Direct formic acid fuel cells (DFAFCs) have potential to serve as promising power sources for portable electronics, due to their relatively high power density, low fuel crossover, and low pollutant emission.^1,2 However, the development of DFAFCs is hindered by the sluggish formic acid electro-oxidation (FAO) and low durability of catalysts.^3,4 It is known that the Pt-based catalysts are not suitable as the catalysts of FAO, because the catalysts are easily poisoned by CO during the FAO. Pd-based catalysts are believed to be more suitable for FAO due to their lower adsorption of CO intermediates in catalyzing formic acid.^5–7 Nevertheless, the electrochemical activity and stability of Pd-based catalysts should be improved. Increasing the activity of Pd-based catalysts will lead to a low dosage of Pd in practical utilization.

Previous studies have proven that controlling the sizes and morphologies of Pd-based catalysts is an effective way to improve the catalytic performance for FAO. Several Pd-based catalysts have been demonstrated, such as Pd nanowires,⁸ Pd nanorods,⁹ and the combination of Pd with transition metals (e.g., Ni, Co, Fe, Cu), Ag or P to form bimetallic compounds.^10–16 Nevertheless, the catalytic structure and the support material also have an impact on the catalytic activity of the electrocatalysts.¹⁷ Metal oxides can be used as the support materials in fuel cells, due to their high corrosion resistance, reasonable surface area, and mechanical strength.^18,19 Among them, Ti-based oxides has been applied as the catalyst support material of fuel cells. Subramanian et al. applied anodized TiO₂ nanotubes (T_NT) as the Pt support for simultaneous FAO and photo-assisted FAO, which generates around 39-fold higher current density than that of the pure T_NT.²⁰ Xing et al. investigated the fine-tuned pore structured TiO₂–C as the Pt or Pd catalyst supports for the electro-oxidation of methanol or formic acid, which showed a much superior catalytic performance than that of the carbon support.²¹

Based on the above considerations, we present TiO₂ NRs as the catalyst supports of Pd-based catalysts.
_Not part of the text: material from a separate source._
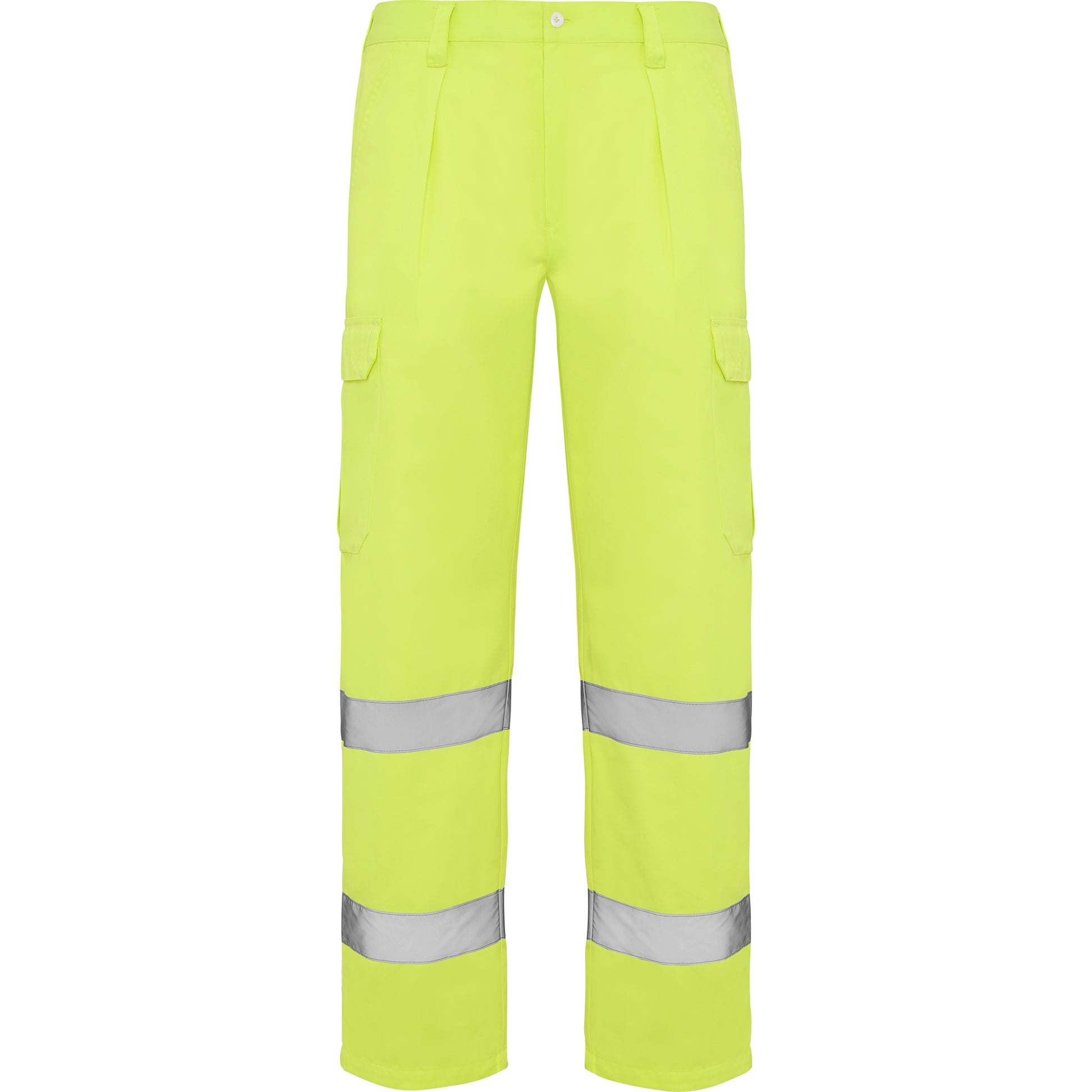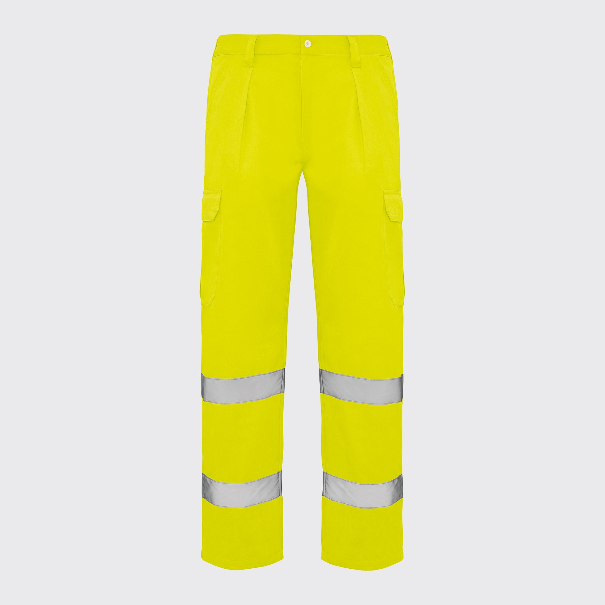 Pantalón largo de alta visibilidad amarillo flúor.

To the best of our knowledge, the Pd-based alloy nanoparticles supported on the TiO₂ NRs are rarely reported as the catalysts toward FAO. The advantages of this approach are listed: (1) high transport rate of HCOOH; (2) high electrochemical surface area (ECSA) and high utilization of electrocatalysts; (3) direct charge carrier transport pathways. More importantly, we combine high catalytic activity and advanced catalytic structure to show the highest electrochemical activity. Compared with the commercial PdC catalyst and pure Pd–TiO₂ catalysts, the Pd₂Ni₃–TiO₂ catalyst exhibited higher electrochemical activity and stability.

Experimental

Preparation of TiO₂ NRs

Oriented TiO₂ NRs were hydrothermally grown on carbon fibers by a seed-assisted method and the details of the preparation process are shown in the previous report.^22,23 There are two key points for the formation of the oriented TiO₂ NRs, which are exactly controlling the concentration of the titanium(IV) chloride aqueous solution and tetrabutyl titanate (TBT) solution.
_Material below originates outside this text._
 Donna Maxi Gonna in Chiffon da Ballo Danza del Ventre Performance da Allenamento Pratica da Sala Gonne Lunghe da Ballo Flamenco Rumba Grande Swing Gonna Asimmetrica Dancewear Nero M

Preparation of the PdNi–TiO₂ and Pd–TiO₂

For the preparation of the PdNi–TiO₂ electrode, Ni and Pd catalysts were sputtered onto the TiO₂ NRs by physical vapor deposition (PVD) in a row and the whole sputtering time was maintained for 15 min and 6 min, respectively. After that, to increase the crystal size of the catalysts, the as-prepared samples were heat-treated at 300 °C under 5% H₂/Ar gas for 2 h. For the preparation of Pd–TiO₂ NRs, the preparation process was similar to that of PdNi–TiO₂ NRs without Ni deposition.

Physical characterization

Field-emission scanning electron microscopy (FESEM, Zeiss supra 55) and transmission electron microscopy (TEM, JEM-2000EX) are employed to observe the morphology of the as-prepared samples. High-resolution transmission electron microscopy (HRTEM, JEM-2100F) characterization and energy-dispersive X-ray (EDX) analysis were conducted using FEITecani G2F30 microscopy operating at 300 kV. The crystal phases of the samples were monitored by X-ray diffraction (XRD, BrukerD8, Cu Kα radiation). X-ray photoelectron spectroscopy (XPS, Thermo Scientific ESCALab 250 Xi spectrometer, Al Kα in twin anode) was used to measure the chemical state of all the samples. Inductively coupled plasma-optical emission spectroscopy (ICP-OES, PerkinElmer 7300DV, USA) was applied to determine the metal loadings in the samples.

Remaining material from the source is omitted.